INSTRUCTIONS TO FOLLOW = Return the entries below in full. Keep every word as it is.

INFORMATION SUPPLIED below:

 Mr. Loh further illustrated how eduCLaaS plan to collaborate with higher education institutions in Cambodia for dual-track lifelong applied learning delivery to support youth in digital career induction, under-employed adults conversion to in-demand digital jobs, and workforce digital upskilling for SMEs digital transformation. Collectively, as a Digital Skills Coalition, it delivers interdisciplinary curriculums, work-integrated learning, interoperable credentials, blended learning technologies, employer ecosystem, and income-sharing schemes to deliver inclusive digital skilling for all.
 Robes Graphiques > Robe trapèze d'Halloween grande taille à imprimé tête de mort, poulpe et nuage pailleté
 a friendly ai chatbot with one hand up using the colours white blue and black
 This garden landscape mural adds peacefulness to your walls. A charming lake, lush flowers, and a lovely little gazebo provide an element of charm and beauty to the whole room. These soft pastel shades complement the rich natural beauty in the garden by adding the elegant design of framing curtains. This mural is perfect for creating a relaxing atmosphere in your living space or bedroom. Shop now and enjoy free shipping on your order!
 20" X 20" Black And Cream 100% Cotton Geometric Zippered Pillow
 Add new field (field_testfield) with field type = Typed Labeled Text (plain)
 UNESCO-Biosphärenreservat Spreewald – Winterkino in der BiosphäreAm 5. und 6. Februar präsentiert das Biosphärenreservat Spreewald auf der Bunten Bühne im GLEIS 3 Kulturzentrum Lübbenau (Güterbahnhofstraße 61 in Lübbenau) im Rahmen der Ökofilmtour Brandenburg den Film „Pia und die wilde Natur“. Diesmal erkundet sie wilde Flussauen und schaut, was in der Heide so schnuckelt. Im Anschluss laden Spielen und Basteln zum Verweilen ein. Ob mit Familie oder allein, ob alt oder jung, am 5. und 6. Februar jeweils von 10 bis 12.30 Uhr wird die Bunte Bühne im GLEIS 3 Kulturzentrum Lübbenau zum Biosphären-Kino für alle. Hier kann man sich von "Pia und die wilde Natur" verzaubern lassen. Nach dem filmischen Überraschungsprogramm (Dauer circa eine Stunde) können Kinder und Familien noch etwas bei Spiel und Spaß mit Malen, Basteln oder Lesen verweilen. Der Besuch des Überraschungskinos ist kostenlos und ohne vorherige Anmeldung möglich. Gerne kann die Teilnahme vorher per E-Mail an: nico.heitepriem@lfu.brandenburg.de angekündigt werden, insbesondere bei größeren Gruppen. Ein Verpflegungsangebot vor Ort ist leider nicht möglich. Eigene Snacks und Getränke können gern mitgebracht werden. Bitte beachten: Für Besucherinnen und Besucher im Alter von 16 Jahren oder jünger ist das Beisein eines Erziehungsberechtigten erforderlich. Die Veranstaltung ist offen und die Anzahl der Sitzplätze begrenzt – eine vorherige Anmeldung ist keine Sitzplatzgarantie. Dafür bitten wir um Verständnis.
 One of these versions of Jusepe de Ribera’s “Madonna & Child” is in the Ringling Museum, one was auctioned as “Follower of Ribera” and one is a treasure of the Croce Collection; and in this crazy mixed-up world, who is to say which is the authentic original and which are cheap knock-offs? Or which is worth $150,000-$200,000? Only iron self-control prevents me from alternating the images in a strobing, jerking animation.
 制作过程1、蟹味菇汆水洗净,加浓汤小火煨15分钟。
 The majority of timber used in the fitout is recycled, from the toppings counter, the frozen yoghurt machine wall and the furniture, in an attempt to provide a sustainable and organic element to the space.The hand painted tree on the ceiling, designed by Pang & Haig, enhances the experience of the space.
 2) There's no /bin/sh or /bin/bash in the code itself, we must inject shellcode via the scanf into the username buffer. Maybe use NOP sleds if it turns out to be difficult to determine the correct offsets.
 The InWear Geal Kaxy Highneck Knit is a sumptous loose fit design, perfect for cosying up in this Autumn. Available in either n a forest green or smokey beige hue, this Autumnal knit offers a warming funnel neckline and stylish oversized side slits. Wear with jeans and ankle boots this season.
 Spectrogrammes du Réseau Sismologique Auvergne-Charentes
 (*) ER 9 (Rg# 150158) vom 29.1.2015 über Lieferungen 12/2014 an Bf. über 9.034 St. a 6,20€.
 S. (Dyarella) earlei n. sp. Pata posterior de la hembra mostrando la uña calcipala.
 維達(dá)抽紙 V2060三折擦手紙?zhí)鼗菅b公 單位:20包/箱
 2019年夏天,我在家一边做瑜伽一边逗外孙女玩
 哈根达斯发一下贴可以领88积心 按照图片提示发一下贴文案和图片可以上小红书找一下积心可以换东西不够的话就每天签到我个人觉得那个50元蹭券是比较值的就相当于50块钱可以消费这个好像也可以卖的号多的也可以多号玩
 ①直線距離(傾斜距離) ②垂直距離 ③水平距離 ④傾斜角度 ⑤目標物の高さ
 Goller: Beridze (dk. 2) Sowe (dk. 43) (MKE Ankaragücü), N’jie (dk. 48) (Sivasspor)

End of INFORMATION SUPPLIED.

WRITTEN ANSWER =
 Mr. Loh further illustrated how eduCLaaS plan to collaborate with higher education institutions in Cambodia for dual-track lifelong applied learning delivery to support youth in digital career induction, under-employed adults conversion to in-demand digital jobs, and workforce digital upskilling for SMEs digital transformation. Collectively, as a Digital Skills Coalition, it delivers interdisciplinary curriculums, work-integrated learning, interoperable credentials, blended learning technologies, employer ecosystem, and income-sharing schemes to deliver inclusive digital skilling for all.
 Robes Graphiques > Robe trapèze d'Halloween grande taille à imprimé tête de mort, poulpe et nuage pailleté
 a friendly ai chatbot with one hand up using the colours white blue and black
 This garden landscape mural adds peacefulness to your walls. A charming lake, lush flowers, and a lovely little gazebo provide an element of charm and beauty to the whole room. These soft pastel shades complement the rich natural beauty in the garden by adding the elegant design of framing curtains. This mural is perfect for creating a relaxing atmosphere in your living space or bedroom. Shop now and enjoy free shipping on your order!
 20" X 20" Black And Cream 100% Cotton Geometric Zippered Pillow
 Add new field (field_testfield) with field type = Typed Labeled Text (plain)
 UNESCO-Biosphärenreservat Spreewald – Winterkino in der BiosphäreAm 5. und 6. Februar präsentiert das Biosphärenreservat Spreewald auf der Bunten Bühne im GLEIS 3 Kulturzentrum Lübbenau (Güterbahnhofstraße 61 in Lübbenau) im Rahmen der Ökofilmtour Brandenburg den Film „Pia und die wilde Natur“. Diesmal erkundet sie wilde Flussauen und schaut, was in der Heide so schnuckelt. Im Anschluss laden Spielen und Basteln zum Verweilen ein. Ob mit Familie oder allein, ob alt oder jung, am 5. und 6. Februar jeweils von 10 bis 12.30 Uhr wird die Bunte Bühne im GLEIS 3 Kulturzentrum Lübbenau zum Biosphären-Kino für alle. Hier kann man sich von "Pia und die wilde Natur" verzaubern lassen. Nach dem filmischen Überraschungsprogramm (Dauer circa eine Stunde) können Kinder und Familien noch etwas bei Spiel und Spaß mit Malen, Basteln oder Lesen verweilen. Der Besuch des Überraschungskinos ist kostenlos und ohne vorherige Anmeldung möglich. Gerne kann die Teilnahme vorher per E-Mail an: nico.heitepriem@lfu.brandenburg.de angekündigt werden, insbesondere bei größeren Gruppen. Ein Verpflegungsangebot vor Ort ist leider nicht möglich. Eigene Snacks und Getränke können gern mitgebracht werden. Bitte beachten: Für Besucherinnen und Besucher im Alter von 16 Jahren oder jünger ist das Beisein eines Erziehungsberechtigten erforderlich. Die Veranstaltung ist offen und die Anzahl der Sitzplätze begrenzt – eine vorherige Anmeldung ist keine Sitzplatzgarantie. Dafür bitten wir um Verständnis.
 One of these versions of Jusepe de Ribera’s “Madonna & Child” is in the Ringling Museum, one was auctioned as “Follower of Ribera” and one is a treasure of the Croce Collection; and in this crazy mixed-up world, who is to say which is the authentic original and which are cheap knock-offs? Or which is worth $150,000-$200,000? Only iron self-control prevents me from alternating the images in a strobing, jerking animation.
 制作过程1、蟹味菇汆水洗净,加浓汤小火煨15分钟。
 The majority of timber used in the fitout is recycled, from the toppings counter, the frozen yoghurt machine wall and the furniture, in an attempt to provide a sustainable and organic element to the space.The hand painted tree on the ceiling, designed by Pang & Haig, enhances the experience of the space.
 2) There's no /bin/sh or /bin/bash in the code itself, we must inject shellcode via the scanf into the username buffer. Maybe use NOP sleds if it turns out to be difficult to determine the correct offsets.
 The InWear Geal Kaxy Highneck Knit is a sumptous loose fit design, perfect for cosying up in this Autumn. Available in either n a forest green or smokey beige hue, this Autumnal knit offers a warming funnel neckline and stylish oversized side slits. Wear with jeans and ankle boots this season.
 Spectrogrammes du Réseau Sismologique Auvergne-Charentes
 (*) ER 9 (Rg# 150158) vom 29.1.2015 über Lieferungen 12/2014 an Bf. über 9.034 St. a 6,20€.
 S. (Dyarella) earlei n. sp. Pata posterior de la hembra mostrando la uña calcipala.
 維達(dá)抽紙 V2060三折擦手紙?zhí)鼗菅b公 單位:20包/箱
 2019年夏天,我在家一边做瑜伽一边逗外孙女玩
 哈根达斯发一下贴可以领88积心 按照图片提示发一下贴文案和图片可以上小红书找一下积心可以换东西不够的话就每天签到我个人觉得那个50元蹭券是比较值的就相当于50块钱可以消费这个好像也可以卖的号多的也可以多号玩
 ①直線距離(傾斜距離) ②垂直距離 ③水平距離 ④傾斜角度 ⑤目標物の高さ
 Goller: Beridze (dk. 2) Sowe (dk. 43) (MKE Ankaragücü), N’jie (dk. 48) (Sivasspor)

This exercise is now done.